In earlier discussions, we underscored the necessity of analyzing and optimizing the runtime performance of AI/ML workloads to speed up development and reduce costs. This remains essential across all computing platforms, although the profiling tools and optimization strategies can differ significantly. In this article, we will explore performance optimization strategies specifically for CPUs, concentrating on Intel® Xeon® CPU processors (utilizing Intel® AVX-512) and the PyTorch (version 2.4) framework, although similar techniques can be applied to various CPUs and frameworks. Our experiments will be conducted on an Amazon EC2 c7i instance using an AWS Deep Learning AMI. Please consider our selection of cloud platform, CPU version, ML framework, or any other mentioned tools and libraries as a non-endorsement of their alternatives.
Our aim is to illustrate that while CPU-based ML development might not be the first option, there are strategies available to "soften the blow" and, in certain cases, make it a viable choice.
Disclaimers
This article aims to showcase a few ML optimization opportunities available on CPUs. Unlike the majority of online tutorials focusing on CPU optimization for inference, we will concentrate on training workloads. Numerous optimization tools are specifically designed for inference that will not be addressed here.
This article should not be seen as a substitute for the official documentation of any tools or techniques mentioned. Given the rapid evolution of AI/ML, some content, libraries, and/or instructions may become outdated by the time of your reading. Please refer to the latest documentation available.
It's important to note that the effects of the optimizations discussed on runtime performance are likely to differ significantly based on the model and specific environment (for example, refer to the performance variance among models on the official PyTorch TouchInductor CPU Inference Performance Dashboard). The performance metrics shared will be particular to the toy model and runtime environment used. Ensure to evaluate all proposed optimizations on your own model and runtime setup.
Finally, our focus will be solely on throughput performance (measured in samples per second) rather than training convergence. However, some optimization techniques (like tuning batch size, mixed precision, etc.) might negatively impact the convergence of certain models, although appropriate hyperparameter tuning could mitigate this.
Toy Example — ResNet-50
We will conduct our experiments using a basic image classification model with a ResNet-50 backbone (from Deep Residual Learning for Image Recognition). The model will be trained on a synthetic dataset. Below is the complete training script (loosely based on an earlier example):
import torch
import torchvision
from torch.utils.data import Dataset, DataLoader
import time
# A dataset with random images and labels
class FakeDataset(Dataset):
def __len__(self):
return 1000000def __getitem__(self, index):
rand_image = torch.randn([3, 224, 224], dtype=torch.float32)

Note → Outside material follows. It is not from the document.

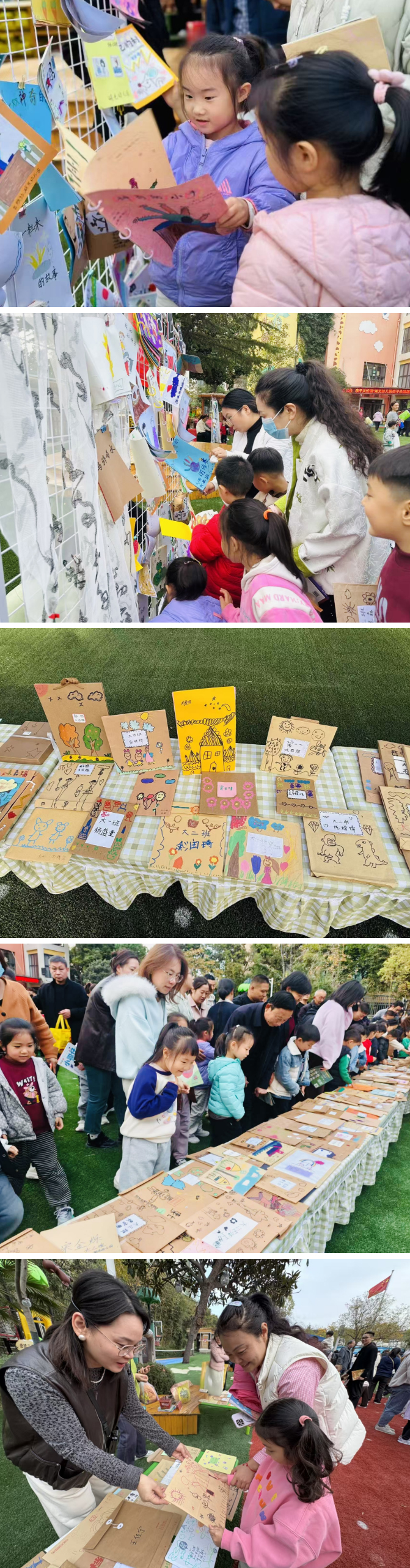 活动尾声,幼儿园还为孩子们准备了两份“阅读惊喜”。“童心绘世界,绘本藏美好”创作展上,大班小朋友亲手绘制的创意绘本充满童真与想象,吸引家长与孩子驻足观赏;而充满悬念的“绘本盲盒”,则让每个孩子在拆开的瞬间收获惊喜,进一步激发了他们对阅读的期待。

label = torch.tensor(data=index % 10, dtype=torch.uint8)
return rand_image, label
train_set = FakeDataset()
batch_size = 128
num_workers = 0
train_loader = DataLoader(
dataset=train_set,
batch_size=batch_size,
num_workers=num_workers
)
model = torchvision.models.resnet50()
criterion = torch.nn.CrossEntropyLoss()
optimizer = torch.optim.SGD(model.parameters())
model.train()
t0 = time.perf_counter()
summ = 0
count = 0
for idx, (data, target) in enumerate(train_loader):
optimizer.zero_grad()
output = model(data)
loss = criterion(output, target)
loss.backward()
optimizer.step()
batch_time = time.perf_counter() - t0
if idx > 10: # skip first steps
summ += batch_time
count += 1
t0 = time.perf_counter()
if idx > 100:
breakprint(f'average step time: {summ/count}')

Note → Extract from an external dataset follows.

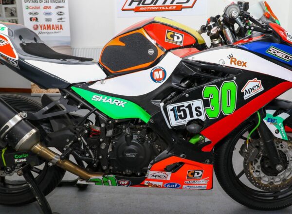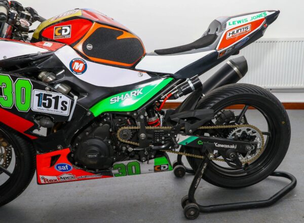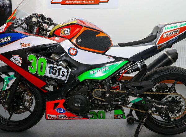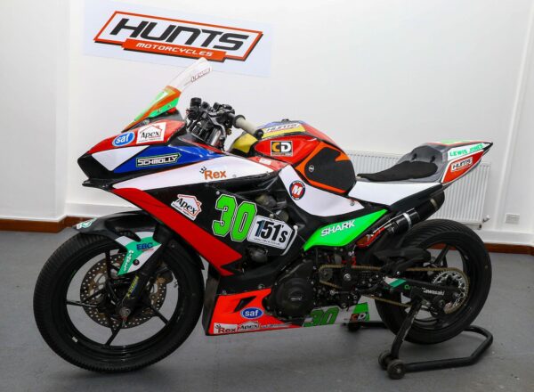 Kawasaki Ninja 400 BEMSEE Team Green Junior Cup race/track bike. Ex-Lewis Jones race winning bike. Complete with spare wheels, bodywork and HM quickshifter. Ready to race and great value at £5,295. PLUS : WE’LL DELIVER TO YOUR DOOR ANYWHERE IN MAINLAND UK FOR JUST £99! – Call Hunts Motorcycles on 0161-432 1303. Please note: Some of our stock is stored off-site so please call us before setting off to view any of our pre-owned bikes.

print(f'throughput: {count*batch_size/summ}')
When executed on a c7i.2xlarge instance (with 8 vCPUs) and the CPU version of PyTorch 2.4, this script yields a throughput of 9.12 samples per second. For comparison, the same (unoptimized) script on an Amazon EC2 g5.2xlarge instance (with 1 GPU and 8 vCPUs) achieves a throughput of 340 samples per second. Considering the cost difference between these two instance types ($0.357 per hour for c7i.2xlarge and $1.212 for g5.2xlarge at the time of writing), training on the GPU instance delivers approximately eleven times better price performance. Hence, the preference for GPUs in training ML models is well justified. Let's explore some methods to narrow this gap.

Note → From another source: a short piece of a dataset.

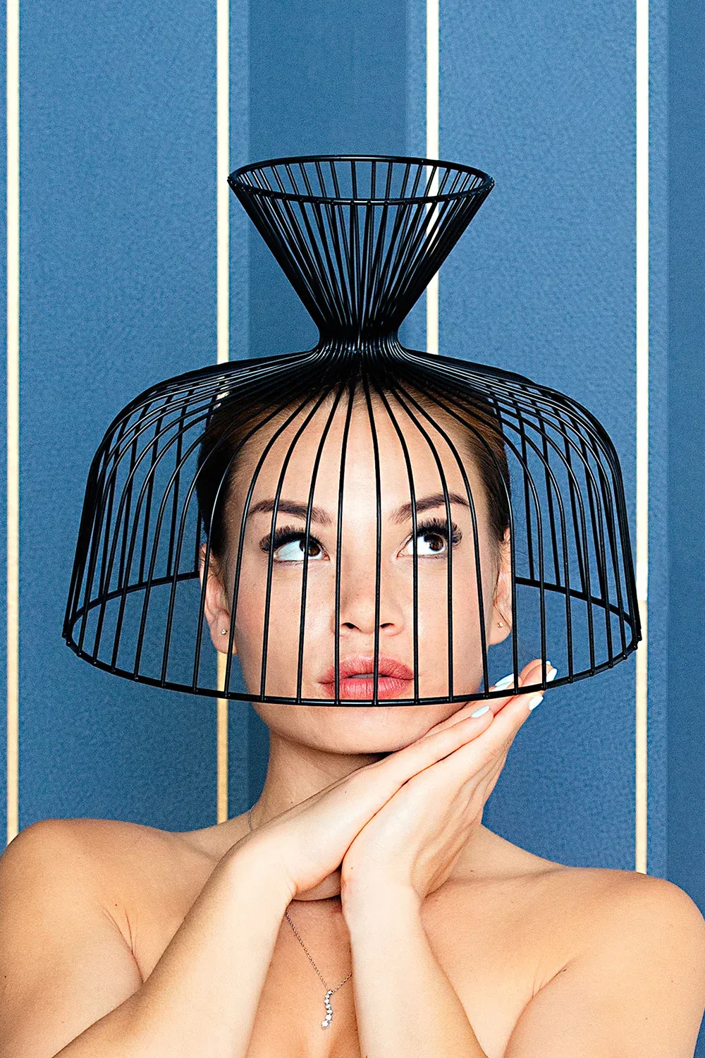 Der Kopf steckt im Drahtkorb, der Körper nicht.

PyTorch Performance Optimizations
In this section, we will examine several fundamental techniques for enhancing the runtime performance of our training workload. While some of these may seem familiar from our GPU optimization discussions, it's crucial to note a key difference: on GPU platforms, significant effort was spent maximizing parallelization between CPU (for data preprocessing) and GPU (for model training). Conversely, on CPU platforms, all processing occurs on the CPU, necessitating effective resource allocation.
Batch Size
Increasing the training batch size can potentially improve performance by reducing the frequency of model parameter updates. (On GPUs, it also minimizes overhead from CPU-GPU transactions, such as kernel loading.) However, while we aimed for a batch size that maximizes GPU memory usage, this strategy could hinder performance on CPUs. CPU memory management is more complex, and finding the most optimal batch size may require trial and error. Remember, adjusting the batch size could influence training convergence.
The following table summarizes the throughput of our training workload with various (arbitrary) batch sizes:
Unlike our GPU findings, our model on the c7i.2xlarge instance appears to favor smaller batch sizes.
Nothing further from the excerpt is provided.